In recent months, Rob contracted leukemia a third time - and this time, the final time. Because this leukemia is terminal. 2 weeks ago, he was told he has 3 weeks left to live and was moved from the Children's Hospital to a Hospice, essentially waiting till it happens. The stats are it will happen next week. I saw him on Wednesday with my friends Sam, Curtis and Anthony and the Hospice is lovely, it really is - it has way more facilities than the Hospital (which I've been to a fair few times) and he is happy there. It's unreal to think next week this could all be over, that Rob won't be here, and that statistically that's what's going to happen. I don't think it's fully hit me yet. Possibly because I'm scared for it to fully hit me, I don't know. Sam is his best friend, and I don't know how Sam is going to cope when he's gone. Rob's doing so well though - he was flipping and cooking pancakes for everyone at the Hospice on Tuesday when my friend Laura saw him (PANCAKE DAY) and when we saw him on Wednesday he was wandering around happily, looking like a lunatic in pyjamas and the duck hat I gave him, an 'official tour guide'. I don't get how that life can just be taken away so soon. 

I would type more, but I'm getting into reminiscent ramblings now which are slightly irrelevant to what I'm trying to say I think. I'm going to update this blog more. I really wish I'd updated it throughout visiting him, but I have those Tumblr posts to keep me going, to keep the memories. But basically, this is explaining my outlook on life. 

Rob won't be able to do all these things he wants to do, so I can say now bluntly that I am going to spend the rest of my life pretty much living for him. This is why I believe in grasping the day, doing something you want to do each day, not doing the whole "tomorrow" thing, because tomorrow is not guaranteed. I see life as a gift instead of a given now, because of how I've seen it be taken away. 

So that is why everything's different. Because I'm slowly watching one of my best friends die. This is an experience that is going to and actually is changing everything about how I see the world.

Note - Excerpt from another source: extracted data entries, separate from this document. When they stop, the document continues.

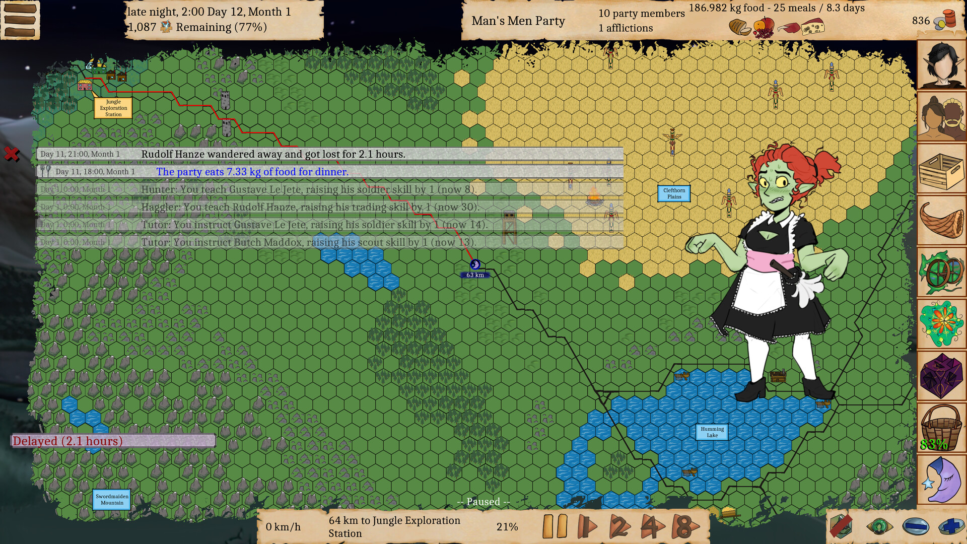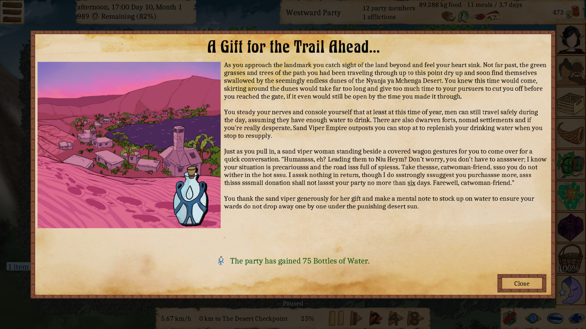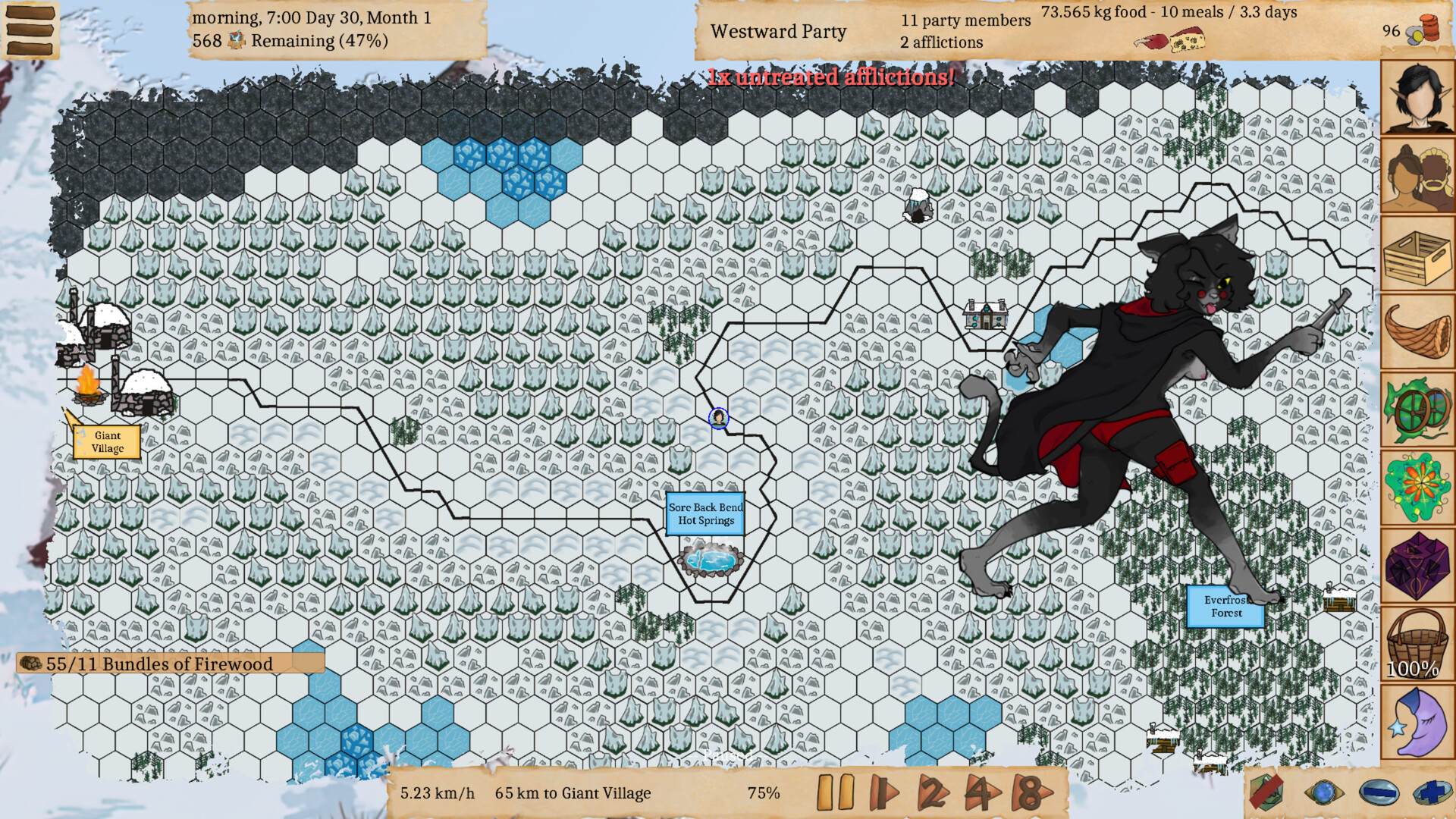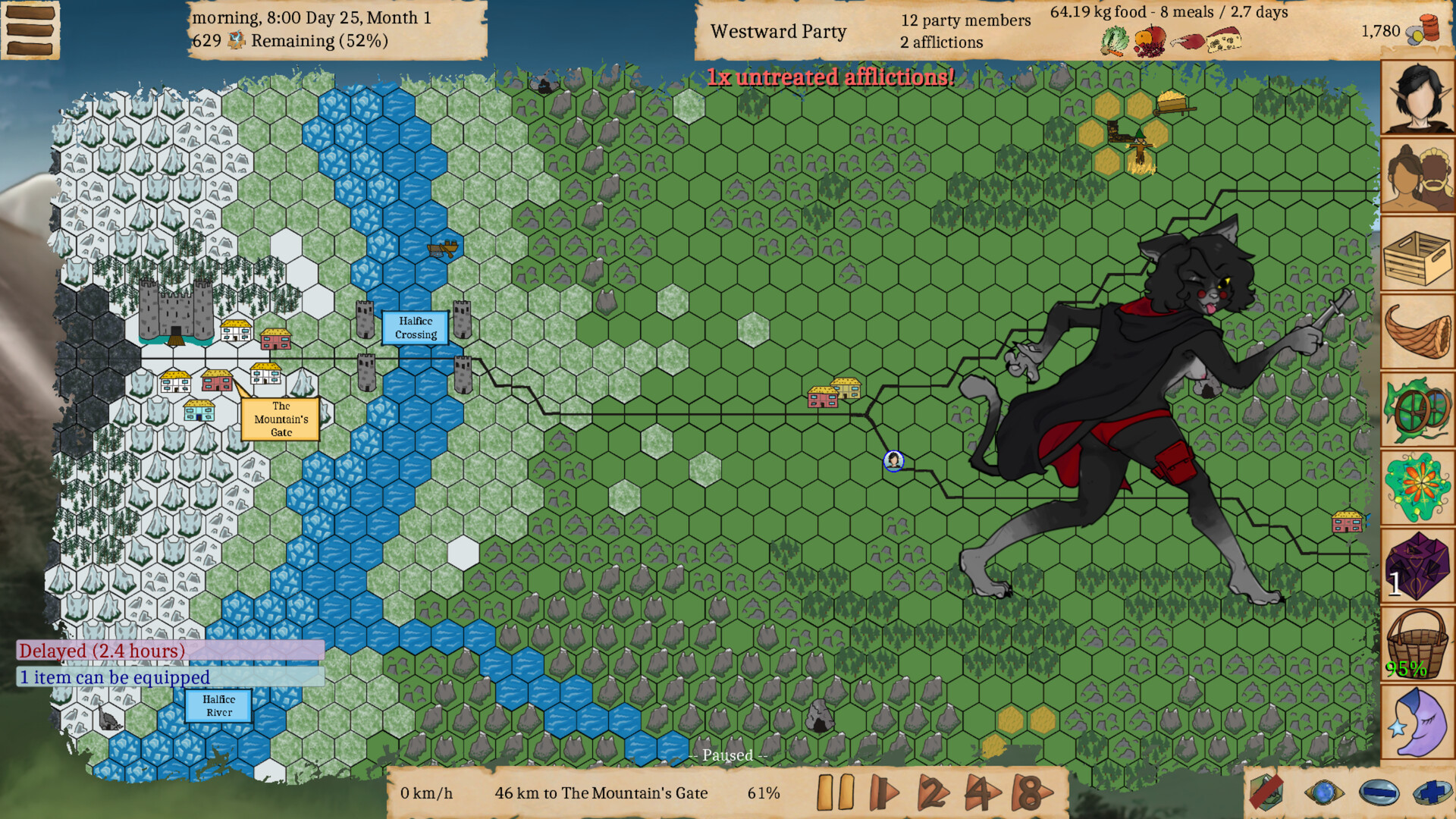 Cursed artifacts! These are very valuable items worth a lot of money to certain merchants, but keeping them with them presents its own sets of ever-growing risks! Will you risk it? World map! See the continent of Aphrodisia with 18 hexagon-tile maps spanning the complete journey from east to west. Player perks! Select up to three player perks to gather more food along the trail, gain the favor of the gods and goddesses, augment party members' skills, increase the amount of food your livestock produce, and more.
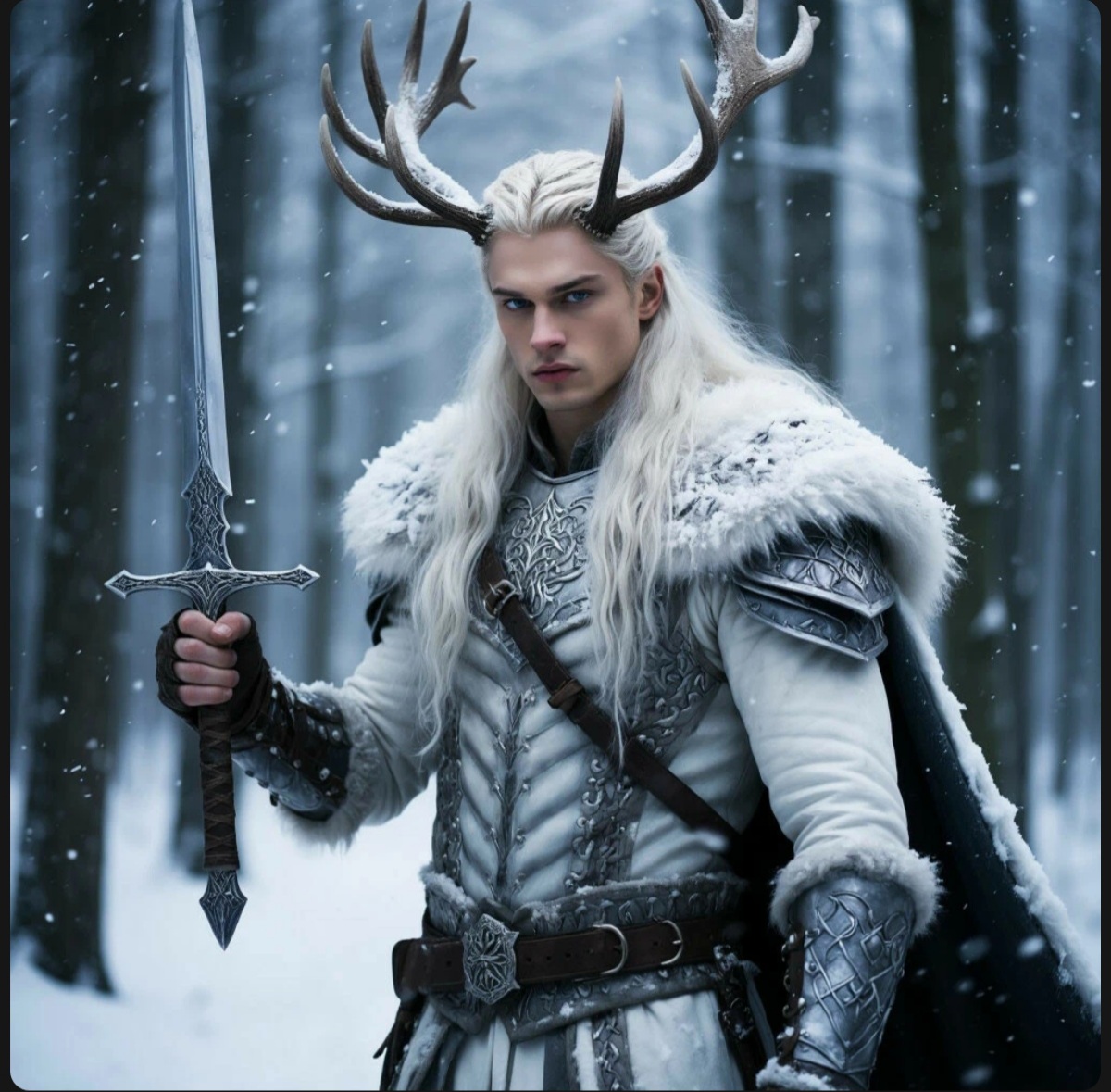 В самом сердце древнего зимнего леса, где вековые ели хранят тайны веков, а снег искрится серебром под луной, обитает удивительное создание — Белый олень. Никто не знает, сколько столетий он бродит по этим заснеженным просторам, но местные легенды гласят, что это не просто волшебное животное. Это — Последний страж, древнее существо, наделённое способностью принимать облик прекрасного молодого мужчины с длинными белыми волосами и пронзительно-тёмно-синими глазами, в которых отражается мудрость тысячелетий.
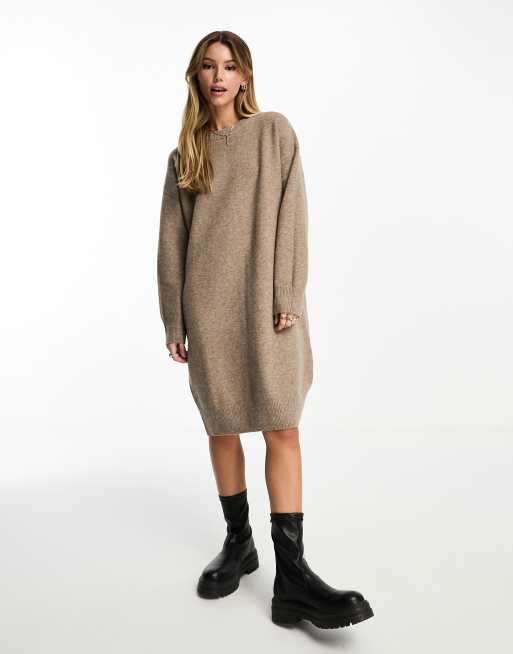Monki long sleeve oversized knitted sweater dress in beige
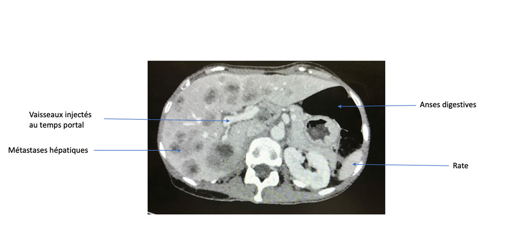 Vous recevez Mme G., 64 ans, en consultation. Elle est adressée par son médecin traitant pour une anémie. Hypertendue, elle est sous lercanidipine. Sa mère est décédée d’un cancer du côlon à 62 ans. Elle vous dit avoir perdu 5 kg en un mois. Elle vous montre son bilan biologique : hémoglobine (Hg) = 9,8 g/dL ; volume globulaire moyen (VGM) = 70 fL ; hématocrite 44 % ; leucocytes = 6 g/L dont 4 g/L de polynucléaires neutrophiles (PNN) ; plaquettes = 400 g/L ; ferritinémie = 3 µg/L (N : 15-150) ; Na = 137 mmol/L ; K+ 4,1 mmol/L ; créatininémie = 75 µmol/L ; protides 55 g/L ; urée = 9 mmol/L ; protéine C réactive(CRP) = 3 mg/L.
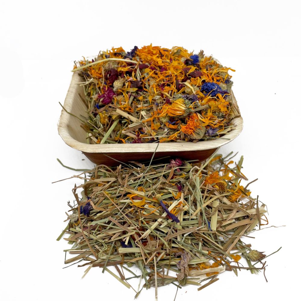 Complementary feed for Rabbits, Guinea Pigs, Hamsters, Mice, Gerbils & Rats Palm Leaf Bowl, Dried Timothy Hay, Dried Grass, Marigold Flowers, Hibiscus Flowers, Rose Flowers, Cornflowers, Blue Mallow Flowers. Feeding Guide: Feed as sold (remove clear film), place bowl into the enclosure, bowl is palm leaf & fully edible.
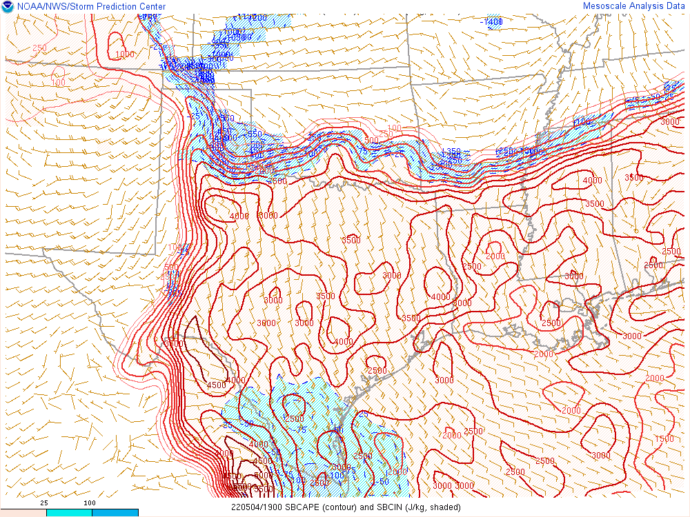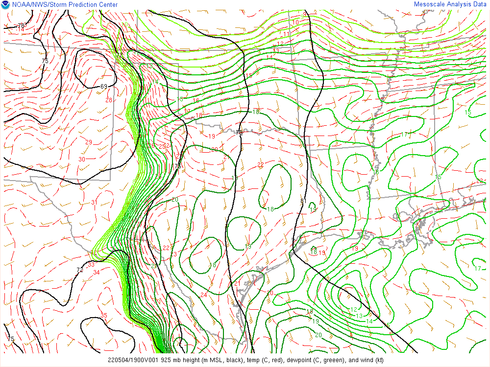 A complex forecast, but the setup screamed central Oklahoma to me. A warm front was moving its way northward out of north Texas. Oklahoma had a very moist and increasingly unstable airmass in place. Most places south of I-40 saw some sun.
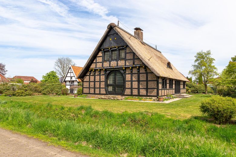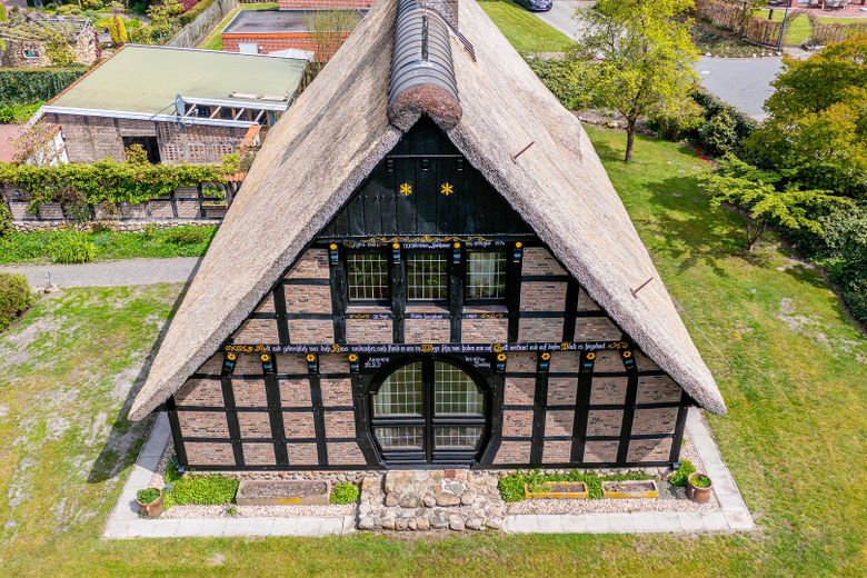 Das reetgedeckte Fachwerkhaus liegt auf einem liebevoll gestalteten, ca. 1.650 m² Grundstück, in direkter Lage am Stadtpark u. Fischteichen von Friesoythe. Über eine massive Holzbrücke gelangt man auf das Grundstück, wo sich Wohnhaus, Spiker, Carport u. Pergola befinden.
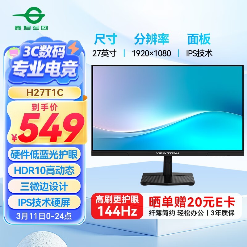 泰坦军团H27T1C显示器京东优惠低至444元
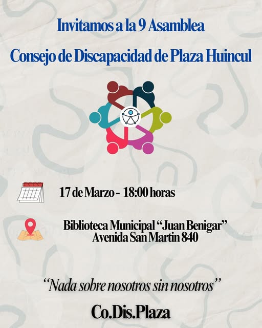 En la ciudad de Plaza Huincul, el Consejo Local de Discapacidad (Co.Dis.Plaza) invita a la comunidad a participar de su 9° asamblea, un espacio que desde hace un año promueve la inclusión y la plena participación de las personas con discapacidad.
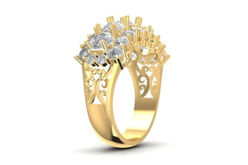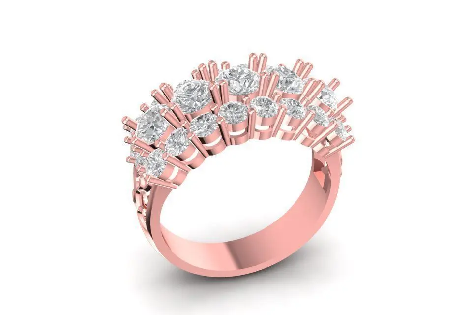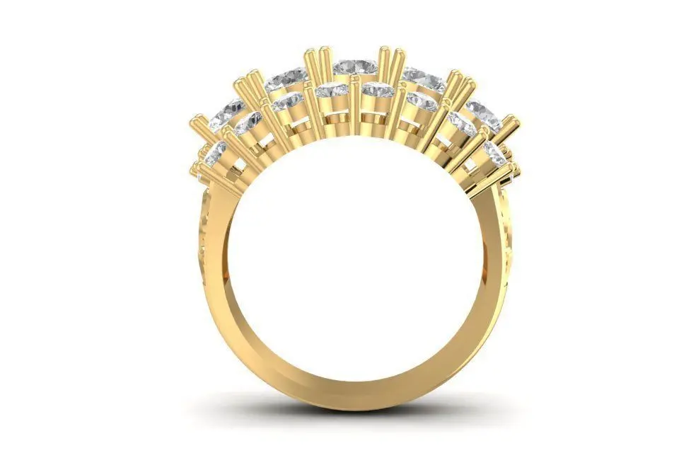 This 3D model showcases an elegant baguette and round diamond cluster ring for women, designed to radiate brilliance and sophistication. The ring features alternating baguette-cut and round-cut stones, carefully arranged in multiple rows to maximize sparkle and symmetry. Its open gallery provides light reflection and comfort while maintaining durability.

3rd February 2013, on your last day at the Hospital
before you moved to the Hospice, when me and
Sam came to visit;I gave you the duck hat (which you
truly seem to love) and a duck now named 'General
Quacksworth of the 5th Regiment'. That
afternoon was so hilarious, playing Lego LOTR,
building Lego LOTR, general banter, and you calling
Sam a Fuzzknuckle and a 'cheese eating surrender
monkeying French bufoon' <3
From that day of 'study leave' - if I could go back
to that day, buddy, I would, because that day
was perfect, when everything was good and
strong and healthy, and this sums up our
friendship; one of us doing something strange,
 the other one trying and failing not to laugh
at the oddity <3
Rob's inspiring, and incredible and overall the bravest person I know. Throughout everything, he's stayed so strong, continued to just hold true to who he is - he was in hospital, probably in a great deal of pain, but still bothered to text me a lot, wanting to know how things were going with me, despite the fact he's dealing with so much himself; he still cares. He's a huge gift in my life, and I love him to pieces. I don't want him to go. I know I don't have a choice, but I don't want him gone. But what I will do is live a life where I will try to not moan, to be content, and be glad of what I have as opposed to moaning about what I don't have. Hand on heart, Rob mi boi, I will do you proud - I hope I'm doing you proud right now when you're still here to see me.